Second, the authors cite a lack of evidence that change in CRP directly links to prevention. Whether CRP is causal or not does not limit its use as a predictive marker. The same criterion has not been applied to other risk factors such as high-density lipoprotein (HDL) cholesterol, which has been well-accepted as a risk marker for decades. There is a notable lack of randomized trial data showing that raising HDL directly leads to the prevention of cardiovascular events (4).
Third, while the focus on risk reclassification is appreciated, this is not the most meaningful measure of a marker's value as stated. JUPITER presents stronger evidence, showing that those above and below a Framingham risk of 10% but with high CRP both experienced the same sizeable reduction in risk. Given these results, whether these individuals would be reclassified into a higher risk group seems moot for clinical utility and only relevant for cost-effectiveness analyses.

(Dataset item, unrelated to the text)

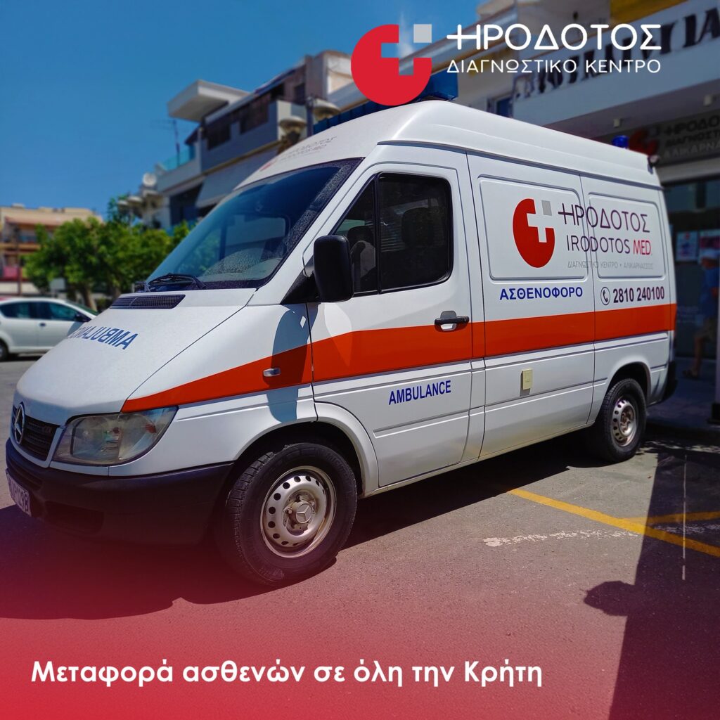 Στη διάθεση των ασθενών από όλη την Κρήτη για την μεταφορά τους, το ασθενοφόρο του Διαγνωστικού Κέντρου “Ηρόδοτος”
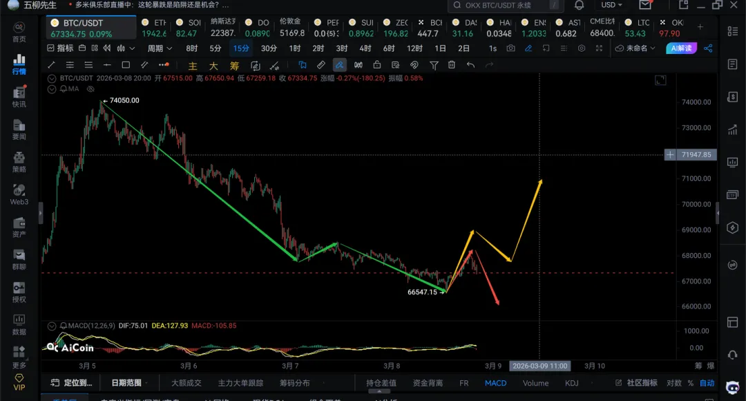 3)暂时不确定66547开始的15分钟级别反弹是否结束了

The authors should take note of a recent statement from the AHA regarding the evaluation of novel markers (5). This proposes phases, including case-control studies, prospective evaluation, and incremental value, all of which the USPSTF agrees are fulfilled by CRP. Additional phases are clinical utility, evaluating whether a novel marker changes predicted risk enough to change therapy. Risk reclassification suggests that this is true for CRP, comparable to well-accepted markers. A stronger criterion is whether use of the marker improves clinical outcomes, especially in randomized trials. JUPITER used CRP to identify individuals who would not otherwise be treated, and found a substantial reduction in cardiovascular events. A final question is whether the additional costs of testing and treatment are justified. The low cost of the test and the dramatic results of treatment should make this simple test worthwhile in avoiding cardiovascular events and perhaps saving lives.

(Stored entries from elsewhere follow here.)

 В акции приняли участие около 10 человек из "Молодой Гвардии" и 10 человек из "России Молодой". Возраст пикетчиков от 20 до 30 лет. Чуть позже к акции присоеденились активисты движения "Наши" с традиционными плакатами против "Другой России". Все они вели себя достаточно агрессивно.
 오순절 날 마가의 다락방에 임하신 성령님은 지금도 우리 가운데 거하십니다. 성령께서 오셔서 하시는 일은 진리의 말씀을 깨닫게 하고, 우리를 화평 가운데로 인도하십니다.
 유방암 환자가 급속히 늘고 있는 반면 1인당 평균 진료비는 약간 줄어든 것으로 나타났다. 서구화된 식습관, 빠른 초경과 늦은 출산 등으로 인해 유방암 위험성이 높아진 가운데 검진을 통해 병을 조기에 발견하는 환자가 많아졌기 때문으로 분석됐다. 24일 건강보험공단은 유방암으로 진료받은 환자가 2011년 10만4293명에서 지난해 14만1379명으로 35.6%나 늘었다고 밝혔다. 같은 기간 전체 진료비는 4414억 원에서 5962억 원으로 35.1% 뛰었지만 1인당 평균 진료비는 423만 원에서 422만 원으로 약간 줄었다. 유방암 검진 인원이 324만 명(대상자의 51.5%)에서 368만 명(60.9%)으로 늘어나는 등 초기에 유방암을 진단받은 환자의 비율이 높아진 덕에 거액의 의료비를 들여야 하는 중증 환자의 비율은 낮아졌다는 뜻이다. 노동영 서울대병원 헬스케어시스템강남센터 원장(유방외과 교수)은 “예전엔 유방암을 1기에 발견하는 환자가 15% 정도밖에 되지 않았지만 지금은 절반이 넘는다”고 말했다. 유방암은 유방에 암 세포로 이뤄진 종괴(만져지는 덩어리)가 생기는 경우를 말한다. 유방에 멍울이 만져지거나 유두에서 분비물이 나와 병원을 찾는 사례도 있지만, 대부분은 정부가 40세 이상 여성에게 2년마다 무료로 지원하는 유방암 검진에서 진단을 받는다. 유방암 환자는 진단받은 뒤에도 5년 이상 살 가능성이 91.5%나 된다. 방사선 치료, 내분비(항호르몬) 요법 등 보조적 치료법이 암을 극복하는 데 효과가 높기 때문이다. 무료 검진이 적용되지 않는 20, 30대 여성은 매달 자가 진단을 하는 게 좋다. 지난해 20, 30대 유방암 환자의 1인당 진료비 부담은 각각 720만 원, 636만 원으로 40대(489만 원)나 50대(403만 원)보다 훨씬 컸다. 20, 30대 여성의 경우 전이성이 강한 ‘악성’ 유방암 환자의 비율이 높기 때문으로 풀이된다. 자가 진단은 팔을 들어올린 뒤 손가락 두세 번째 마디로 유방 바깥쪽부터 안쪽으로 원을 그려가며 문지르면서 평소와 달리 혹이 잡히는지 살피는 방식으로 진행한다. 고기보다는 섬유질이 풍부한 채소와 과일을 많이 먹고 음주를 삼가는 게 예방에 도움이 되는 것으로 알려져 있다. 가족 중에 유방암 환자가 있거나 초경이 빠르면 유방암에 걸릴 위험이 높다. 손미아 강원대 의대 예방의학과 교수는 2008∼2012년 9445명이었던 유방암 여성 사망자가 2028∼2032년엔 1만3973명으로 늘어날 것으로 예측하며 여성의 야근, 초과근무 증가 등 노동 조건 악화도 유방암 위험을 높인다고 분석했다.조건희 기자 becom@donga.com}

1. Buckley DI, Fu R, Freeman M, Rogers K, Helfand M. C-reactive protein as a risk factor for coronary heart disease: A systematic review and meta-analyses for the U.S. Preventive Services Task Force. Ann Intern Med. 2009;151:483-95.
2. Ridker PM, Paynter NP, Rifai N, Gaziano JM, Cook NR. C-reactive protein and parental history improve global cardiovascular risk prediction: the Reynolds Risk Score for men. Circulation. 2008;118:2243- 51.
3. Wilson PWF, Pencina M, Jacques P, Selhub J, D'Agostino Sr R, O'Donnell CJ. C-reactive protein and reclassification of cardiovascular risk in the Framingham Heart Study. Circ Cardiovasc Qual Outcomes. 2008;1:92-97.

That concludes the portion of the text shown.